** Opening EXERCISE INPUTS block **
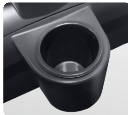
Подставка под бутылку
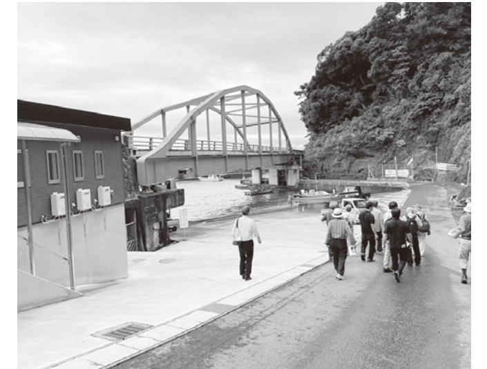
土石流が到達した伊豆山港

二日目に視察は、土砂の起点から約2km離れた伊豆山港海まで到達した土石流の被害を確認するため現地へ向かいました。大破したシャワー室や詰め所は伊豆山漁業会と支援者の尽力で再建され、漁場再生と観光復興への歩みを感じることが出来ました。
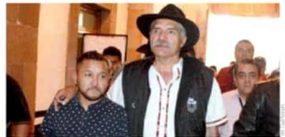
El líder de las autodefensas michoacanas aseguró que trabajará con AMLO.

"Van a continuar porque no hay seguridad... los que piensan que un autodefensa es un civil con un fusil buscando criminales están equivocados, eso es una función del estado mexicano y de sus instituciones, no es lo correcto que lo hagan los civiles, lo correcto es que la autoridad haga su trabajo, y se los digo yo; nosotros votamos por un
** Closing EXERCISE INPUTS block **
→ **WHAT THE TASK ASKS**
Set down exactly, and only, the lines of the data above from the line containing "El líder de" through the last one.

→ **RESPONSE**
El líder de las autodefensas michoacanas aseguró que trabajará con AMLO.

"Van a continuar porque no hay seguridad... los que piensan que un autodefensa es un civil con un fusil buscando criminales están equivocados, eso es una función del estado mexicano y de sus instituciones, no es lo correcto que lo hagan los civiles, lo correcto es que la autoridad haga su trabajo, y se los digo yo; nosotros votamos por un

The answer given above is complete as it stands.